Мы тоже смогли найти оружие, подходящее для себя. Пусть не такое серьезное, как у взрослых. Пусть меньшее по размеру, не столько зарядов, и не так далеко бьет. Зато тоже может убивать. Чтобы Учитель успел уйти. Чтобы они его не убили.
Мы были уже в центральном зале, до дверей выхода на летное поле оставалось совсем немного. Из взрослых в живых осталось только двое или трое, наверное, они тоже были ранены, может быть, смертельно. Нас тоже осталось трое или четверо, не знаю. Других я не видел, отвечаю только за себя. Я был жив и не был ранен. Повезло!
От непрерывной стрельбы в зале клубился сизый дым, почти ничего не было видно. От постоянного грохота выстрелов я ничего не слышал. Кажется, я оглох навсегда и теперь всегда буду слышать только грохот стрельбы и его эхо в полупустом зале аэропорта.
И вот, когда и их, и нас почти не осталось, но на летное поле выйти было еще невозможно – они были ближе к дверям и непрерывно стреляли, чтобы мы не могли к ним подойти, снова открылись входные двери, и в зал вошла она. Как обычно, она держала на руках своего ребенка. И почему она никогда его не оставляла?
Учитель повернулся и сделал движение ей навстречу.
Как всегда, она была одета во что-то красно-коричневое, пестрое, но рисунок был слишком мелкий, и рассмотреть, что там изображено, было невозможно. Ребенок тоже был спеленут во что-то красно-коричневое с мелким рисунком. И у нее, и у ребенка красный цвет доминировал.

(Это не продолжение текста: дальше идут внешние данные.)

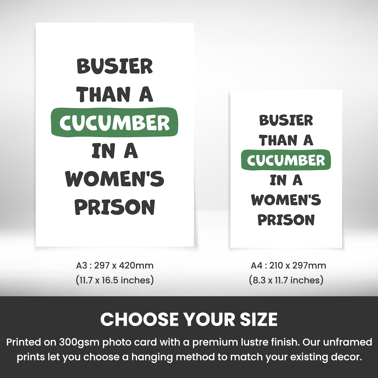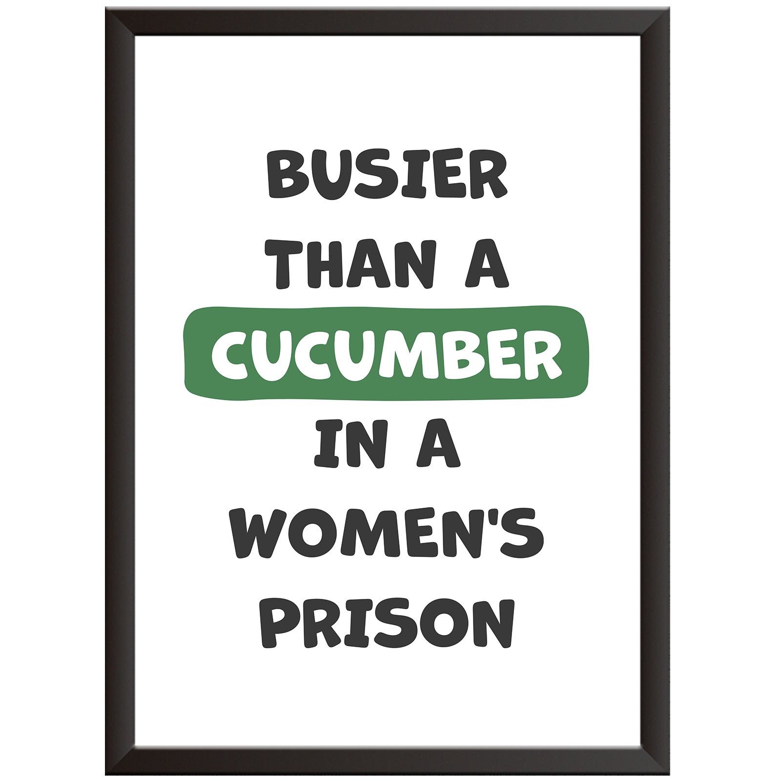 Transform your living space with our delightful "Busier than a Cucumber in a Women's Prison" wall art! This playful piece not only uplifts any room, but it also serves as a perfect conversation starter, bringing laughter and joy to your living room, kitchen, or bathroom.

У нее было довольно широкое лицо с высокими скулами и азиатским разрезом глаз. Но сами глаза были шире, не настолько узкие, как у большинства азиатских народов. Наверное, они была довольно красива – для тех, кому нравится такой тип лица. Она было чуть выше среднего роста, довольно молода и худощава. И ее лицо было искажено гримасой ненависти.

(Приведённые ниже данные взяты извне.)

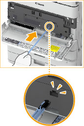 Devolva o bastão de limpeza para a tampa frontal da unidade principal com a ponta virada para a esquerda.

Учитель сделал движение ей навстречу, как будто хотел что-то ей сказать – но она слишком сильно его ненавидела. Она не могла и не хотела его слушать. Её ненависть была так велика, что казалось, у нее не осталось любви даже к своему ребенку, и она продолжает держать его на руках просто по привычке.
Это она двинула все эти силы, чтобы задержать и уничтожить его – и нас заодно с ним. Но сами по себе мы ее не интересовали. Без него мы были ей не нужны и не страшны.
Возникла минутная пауза – ее люди опасались стрелять, чтобы случайно не попасть в нее, а мы были рады передышке. И в эту минуту Учитель подошел и просто взял ее за плечи.
От неожиданности она потеряла дар речи. Она не могла ничего сделать – руки у нее были заняты, там был спящий малыш. Она дрожала от ненависти, но ничего не могла сделать. Несмотря на все свои армады, сейчас она была беспомощна.
Все так же держа ее за плечи, Учитель пошел с ней к выходу из аэропорта. К тем самым дверям, через которые мы так недавно с боем прорывались внутрь. И вместе с ней вышел. Мы пошли за ним.
Господи, Боже мой! Там уже стояла целая армия!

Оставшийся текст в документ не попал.